There are people who do not even think about the question of job versus self-employment. They simply innovate regardless of circumstance. Are you more like that, or do you need a lot of certainty before you move?
Who is your idol or mentor?
Each one of us has an idol in life. It may be a parent, a teacher, a friend, a philosopher, or a famous person. Most of us have more than one. Now, introspect honestly: how many of us idolise someone outside our family who has been in a job throughout their entire career?
Most of us want to be like someone who took an alternate path.
We have a tendency to want to work beyond our potential, untamed and free of all restrictions. We want to live in a world with a free licence to innovate and imagine new things.
We all evolve through stages. Ratan Tata from India is an entrepreneur by soul, administrator by profession, and strategist by heart — and a philosopher overall.

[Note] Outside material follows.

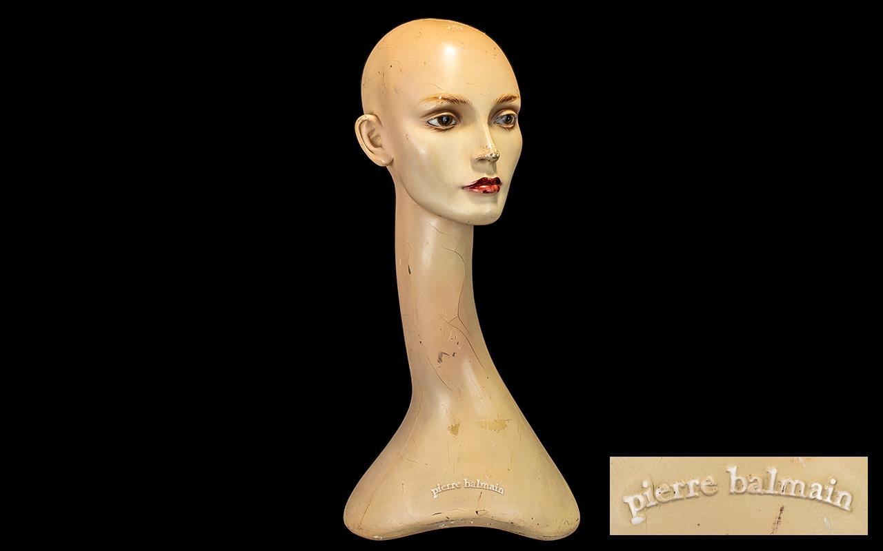Pierre Balmain 1930's Art Deco French Waxed Mannequin in the form of a ladies head with elongated neck. Number D221. Measuring 22 inches high.
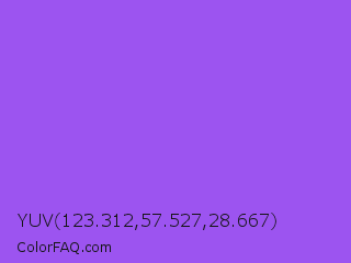 YUV 123.312,57.527,28.667 Color is a light violet color and the nearest color is Navy Purple #9457eb. Hex code #9c54f0 and RGB value is rgb(156,84,240). In RGB color space, this color is composed of 61% red, 33% green, 94% blue, In CMYK color space, this color is composed of 35% cyan, 65% magenta, 0% yellow , 6% black , In HSL color space, this color has a hue angle of 268° , 84% saturation and 64% lightness.

He once said: “I take a decision first and then work to prove it right.” Do you have the courage to move towards an unknown direction?
Do you learn to plan and plan to learn?
Most of us have heard “failing to plan is planning to fail.” But it is more important to learn how to plan. The lack of a proper planning process stops creative ideas from coming to the surface and being acted upon.
If not, start doing these things before you decode the job versus entrepreneurship question. The discipline of planning is what separates ideas from execution.
Are you an innovator?
There are numerous other parameters by which you can identify an innovator’s instinct in yourself. And if you do not fall into this category, do not worry — not many successful entrepreneurs or famous people tick every box either. What matters is the direction of travel.
Do you play it safe most of the time?
Your answers to these questions tell you a lot about your personality type and risk tolerance. There are also structured self-assessment tools like MBTI, MAPP, and the Big Five personality traits tests that can help you understand your strengths, weaknesses, and natural disposition — and whether employment or entrepreneurship is more likely to play to them.
Whether You Stay Employed or Go Solo — SOEGi Can Help
The Answer Is Already Inside You
A lot of people fall under different categories for different industries and at different stages of life. The point of this discussion is to help you realise your inner strength rather than give you a definitive answer. Because the definitive answer is yours to find.
The crux of the matter is a single question: do you want to follow an established agenda, or do you want to set your own? That is it. Everything else is context.
Job versus self-employment is a perpetual question and the grass is always greener on the other side. But the best companies — think of how Google gives employees time for their own projects, or how many of the world’s best hospitality consultants built their practices after years in hotel operations — are increasingly blurring the line between the two. Innovation and entrepreneurial thinking are valued whether you are employed or independent.
Please remember that there is one thing common to all human beings: limitless creativity and an immense power to innovate at will. We just need to explore these capabilities to meet the entrepreneur within us.